Digital Logos Edition
Both scriptural and practical, The Christian’s Daily Walk, by Henry Scudder, has become a classic Puritan devotional work. Scudder plumbs the depths of Scripture to describe the attributes of a holy life, and instructs his readers how to live lives of service and devotion to God. Scudder describes the practice of spiritual devotion, the means of acquiring the peace of God, and the characteristics of those who walk with God.
The Christian’s Daily Walk was first published in the early seventeenth century, but it did not attain wide readership until it was endorsed by John Owen and Richard Baxter several decades after its initial publication. In fact, Baxter wrote that there was no book better equipped “to be the daily companion of Christians, to guide them in the practice of a holy life.” By the nineteenth century, it had become a bestselling Puritan devotional and a standard work applying biblical truth to daily Christian living.
“There are two contrary homes, to which every man is always going—either to heaven, or to hell. Every action of man is one pace or step whereby he goeth to the one place or the other.” (Pages 50–51)
“The best and surest way to please God, and gain a cheerful quiet heart in the way to heaven, is, to walk with God in uprightness, (through faith in Jesus Christ,) ‘being careful in nothing: but in every thing, by prayer and supplication, with thanksgiving, to make your request known unto God:’ which if you do, the peace of God, which passeth all understanding, shall so establish your heart and mind, in and through Christ Jesus, that you may live in a heaven upon earth, and may be joyous and comfortable in all states and conditions of life whatsoever.” (Page 50)
“ You are accountable to God for losing and mispending all that precious time wherein you do not walk in his ways.” (Page 57)
“To cease from the desire of the eye, is to him a change as revolting as to have the light of the eye extinguished.

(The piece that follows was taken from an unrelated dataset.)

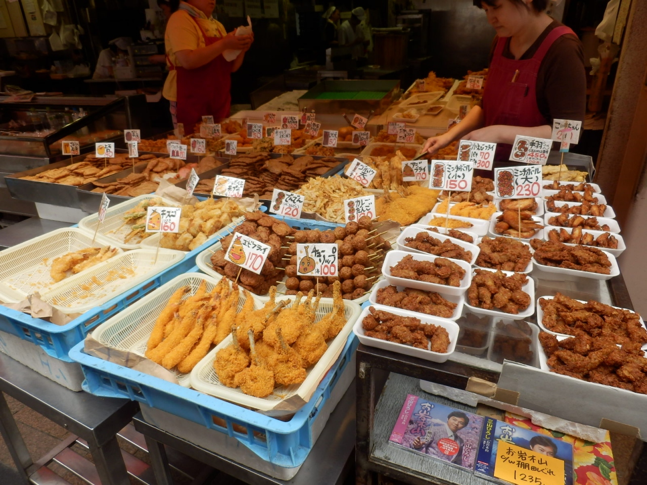 ひろめ市場から歩いてすぐ、1本南側の通りにあるお店です。店先に厚揚げやフライ、唐揚げ等がずらりと並んでいて惹かれました。店先にはテーブルと椅子も用意されているので、座って食べられます。さらに嬉しいことに、目の前は酒屋さんで、ビールも調達出来ました。

To cease from the desire of the flesh is to crucify the flesh. To cease from the pride of life, is to renounce the life of nature altogether. In a word, to cease from the desire of the old man, is not to turn, but to destroy him. It is to have him buried with Christ in baptism. It is to have him planted together with Christ in the likeness of his death. It is not to impress a movement, but to inflict a mortification.” (Page xi)
“We are delivered from the law, not that we should be delivered from the service of obedience, but that we should serve in newness of spirit, and not in the oldness of the letter.” (Page xiii)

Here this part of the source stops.